TRY has growth form information for many species. You can Download
the "Plant Growth Form" data (trait ID 42) from their website. You
have to submit a data request, but it's fairly quick to do and they
are approved automatically after a waiting period of a few hours so
long as you only use their public dataset. Alternatively or in
addition to this, you could look at their categorical traits table,
which is a snapshot from the original 2012 debut of the database.
One key consideration is aligning the taxonomic names in your
species list with those in whatever growth form data source you end
up using. I would recommend using the WorldFlora R package to do
this. I have attached an R script (below) which shows how to do
this.
# Packages
library(dplyr)
library(readxl)
library(WorldFlora)
# Import data
x <- read_excel("./species.xlsx")
# Get first two words
x_clean$species_sanit <-
unlist(lapply(strsplit(x_clean$species_ws, " "), function(y) {
paste(na.omit(y[1:2]), collapse = " ")
}))
# Find duplicated species names
# These species have different authorities but the same name.
# For WorldFlora I will only use the species name, without the
authority
stopifnot(all(!duplicated(x_clean$species)))
x_clean$species_sanit[duplicated(x_clean$species_sanit)]

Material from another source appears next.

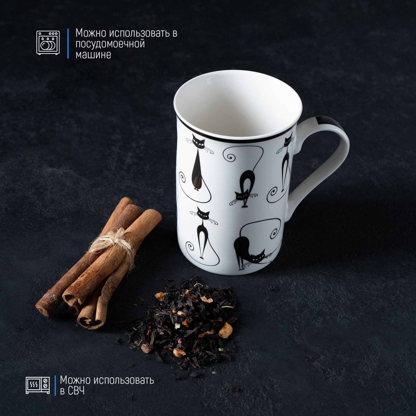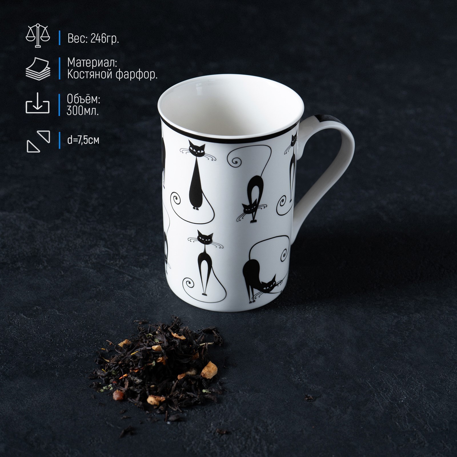 Когда хочется преподнести полезный, но при этом красивый сувенир - идеальным вариантом в данном случае может стать оригинальная фарфоровая кружка. Изделие декорировано интересным принтом в виде черных котиков.

# Extract unique species names
x_un <- unique(x_clean$species_sanit)
# Download WFO (WorldFlora Online) back-bone data
WFO.download(save.dir = "./dat", WFO.remember = FALSE)
# Load WFO back-bone data from downloaded file
WFO.remember(WFO.file = "./dat/wfo/classification.csv")
# Run species names through WFO matching function
x_wfo <- WFO.match(x_un, WFO.data = WFO.data, Fuzzy = 0)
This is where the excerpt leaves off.